- Region: Tibet
- Native speakers: 100 (2002)
- Language family: Sino-Tibetan Tibeto-Kanauri ?BodishTibeticKyirong–KagateKyirong; ; ; ; ;

Language codes
- ISO 639-3: kgy
- Glottolog: kyer1238 Kyerung

= Kyirong language =

Tibetic language spoken in Tibet

Kyirong is a language from the subgroup of Tibetic languages spoken in the Gyirong County of the Shigatse prefecture, of the Tibetan Autonomous Region.

Kyirong has lexical tone, with a three-tone system.

== Relationship to other languages ==
There is a varying degree of mutual intelligibility between Kyirong and other Kyirong-Yolmo varieties. It is most closely related to the Nubri and Gyalsomdo languages, and more distantly related to other languages in the family.

== Phonology ==

=== Consonants ===
There are 36 consonants in Kyirong, which are summarized in the table below.

|  |  | Bilabial | Apico-Dental |  | Retroflex | Lamino- post-alveolar | Palatal | Velar | Glottal |
| Nasal |  | m | n |  |  |  | ɲ | ŋ |  |
| Plosive/ Affricate | voiceless | p | t | ts | ʈ | tɕ | c | k |  |
| aspirated | pʰ | tʰ | tsʰ | ʈʰ | tɕʰ | cʰ | kʰ |  |
| voiced | b | d | dz | ɖ | dʑ | ɟ | ɡ |  |
| Fricative | voiceless |  | s |  |  | ɕ |  |  | h |
| voiced |  | z |  |  | ʑ |  |  | ɦ |
| Liquid | rhotic |  | r |  |  |  |  |  |  |
| voiced lateral |  | l |  |  |  |  |  |  |
| unvoiced lateral |  | ɬ |  |  |  |  |  |  |
| Semivowel |  | w |  |  |  |  | j |  |  |

=== Vowels ===
There are eight places of articulation for vowels. There is a length distinction at each place of articulation, as well as a long nasalised vowel.
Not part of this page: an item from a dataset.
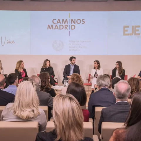 La presidenta de Ineco, Carmen Librero, ha participado en la Jornada de Movilidad “Rompiendo Barreras”, organizada por el Colegio de Ingenieros de Caminos, Canales y Puertos de Madrid, en colaboración con FeMale Voice y Eje&Con, y que ha tenido lugar el 19 de noviembre en Madrid. Lola Ortiz, Decana del Colegio de Ingenieros de Caminos, Canales y Puertos de Madrid y directora general de Planificación e Infraestructuras de Movilidad en el Ayuntamiento de Madrid, ha sido la encargada de la apertura de una jornada en la que se ha debatido sobre los retos y las tendencias en el sector de la movilidad en su conjunto y, más concretamente, desde la perspectiva de algunas de las mujeres más relevantes del sector. La presidenta de Ineco ha compartido mesa de debate con Isabel Pardo, presidenta de Adif; Teresa Benet, International Business Development de Metro Tenerife; Paula Baeza, Business Development & Finance de Zeleros (Hyperloop); y David Pistoni, Cofounder & CEO de Zeleros (Hyperloop).

|  |  | Front |  | Central | Back |
| Close | oral | i iː | y yː |  | u uː |
| nasal | ĩː | ỹː |  | ũː |
| Half-close | oral | e eː | ø øː |  |  |
| nasal | ẽː | ø̃ː |  |  |
| Half-open | oral | ɛ ɛː |  |  | ɔ ɔː |
| nasal | ɛ̃ː |  |  | ɔ̃ː |
| Open | oral |  |  | a aː |  |
| nasal |  |  | ãː |  |

=== Tone ===
Kyriong has a three tone system; high, medium and low. Low tone is often accompanied by breathy voice.

== Sources ==

- Hedlin, M. (2011). An Investigation of the relationship between the Kyirong, Yòlmo, and Standard Spoken Tibetan speech varieties. Masters thesis, Payap University, Chiang Mai.
- Huber, B. (2005). The Tibetan dialect of Lende (Kyirong). Beiträge zur tibetischen Erzählforschung, 15.